Angela Veness took this picture of collapsed tents at Raceway Park in Oyster Bed Bridge on Sunday after incurring the wrath of post tropical storm Arthur over the weekend. It was one of the official sites people could camp out in tents for the Cavendish Beach Music Festival.
©Photo Special to The Guardian by Angela Veness
There are valuable lessons to be learned from the weather calamity last Saturday which sent thousands of tenters scurrying for shelter but with nowhere to go. A tourism operator who says the province failed in its obligation to tenters, raised interesting questions this week. He said they should have been offered shelter or some kind of assistance when 100 km/h and higher gusts flattened tents of fans here for the Cavendish Beach Music Festival. We invited them here and when Mother Nature unleashed her fury, we left them to battle the storm and the elements on their own.
What happened on the weekend might be a once- in-a-lifetime occurrence for early July on P.E.I. When hurricane Juan struck in 2003, it was late September, deep into the hurricane season. Whoever heard of 100 km/h and higher winds slamming into the Maritimes on July 5?
In winter, if a paralyzing blizzard or ice storm should strike, with prolonged power outages, we expect to see emergency shelters open to provide warmth, cots, a hot meal and a welcome respite from the freezing weather.
Officials with the Office of Public Safety, P.E.I. Federation of Municipalities, Canadian Red Cross and concert organizers should have a plan in place to offer emergency help when tents are ripped apart by the wind. And it got very cool Saturday evening when fans had no option but to head to Charlottetown to flood into the malls to get warm and escape the weather.
The storm should not have been a surprise to anyone. The weather forecast predicted it more than five days before it struck. Everyone knew that thousands of susceptible people were going to be in the Cavendish area from Thursday to Monday. And when the storm hit, almost all available rooms in motels and hotels had been previously booked.
Hindsight is always 20/20, but area shelters such as fire halls, arenas or school gyms should have been ready. Volunteers needed to be called and generators made available. As campers registered, operators should have passed out flyers of where to go if things got bad. We were lucky the heavy rains missed us or things could have been a lot worse.

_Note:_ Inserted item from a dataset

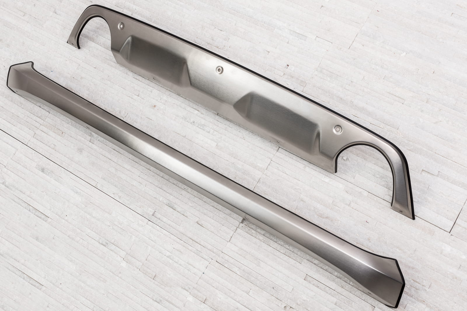 Osłony zderzaków zaprojektowane zostały tak, aby idealnie współgrać z innymi elementami wykończenia, dopełniając dynamiczny charakter Twojego auta. Oprócz walorów wizualnych, elementy służą także ochronie powłoki lakierniczej samochodu, zapobiegając jej obiciu przez kamienie itp.

Many tenters will take home memories of how they survived post-tropical storm Arthur. But those memories would be a lot better had they an option to find refuge in a shelter. People were vulnerable. It just takes one falling tree to cause a tragedy.
Few people thought it would get that bad, especially after Friday’s spectacular start to the music festival. Everyone was caught unprepared. This can’t be happening on July 5 after a week of hot, humid conditions?

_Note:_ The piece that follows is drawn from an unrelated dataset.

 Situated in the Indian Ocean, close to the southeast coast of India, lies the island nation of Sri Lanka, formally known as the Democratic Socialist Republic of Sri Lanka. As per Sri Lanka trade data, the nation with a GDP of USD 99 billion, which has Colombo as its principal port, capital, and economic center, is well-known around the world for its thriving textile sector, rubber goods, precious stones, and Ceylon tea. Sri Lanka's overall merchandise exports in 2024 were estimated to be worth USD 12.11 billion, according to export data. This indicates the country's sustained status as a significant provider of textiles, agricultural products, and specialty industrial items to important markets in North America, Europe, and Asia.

The process for emergency management and response involves four levels of responsibility in an emergency. In order, they are individual, municipal, provincial and federal. Everyone has a role to play. It all sounds good but unless there is a plan and people are ready to act and make a decision, history will repeat itself.

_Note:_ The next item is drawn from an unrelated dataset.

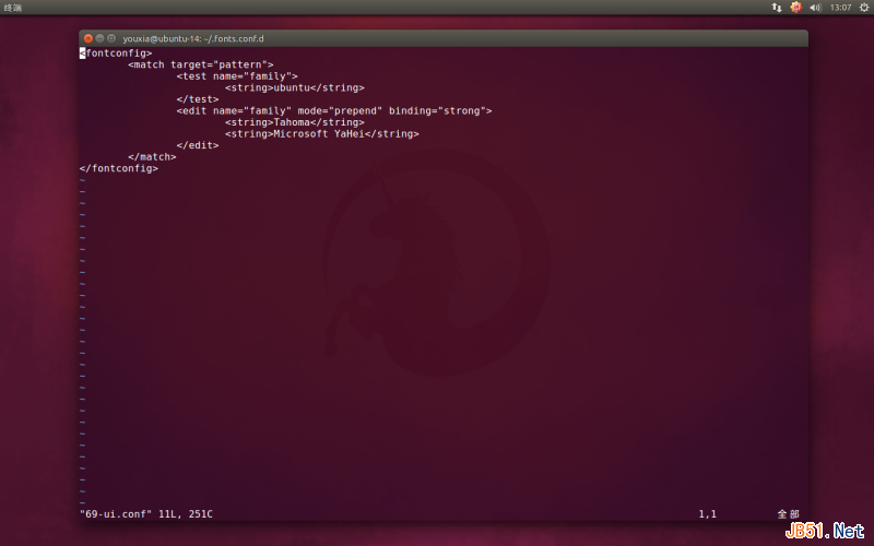 第六步,設置界面字體,將Ubuntu替換成Tahoma搭配微軟雅黑,文件名為69-ui.conf,內容如下圖:

Someone has to be responsible. It’s fine for some officials to say that it wasn’t bad enough to open shelters. Those people were not the ones in flattened tents. As the tourism operator said, how bad do things have to get before shelters are at least offered to tenters. “If this wasn’t bad enough, then what is?’’
We dodged a dangerous bullet last Saturday.
Today, everyone seems intent on passing the buck. Instead, let’s learn a valuable lesson, sit down together, talk and plan on how to handle any such future crisis.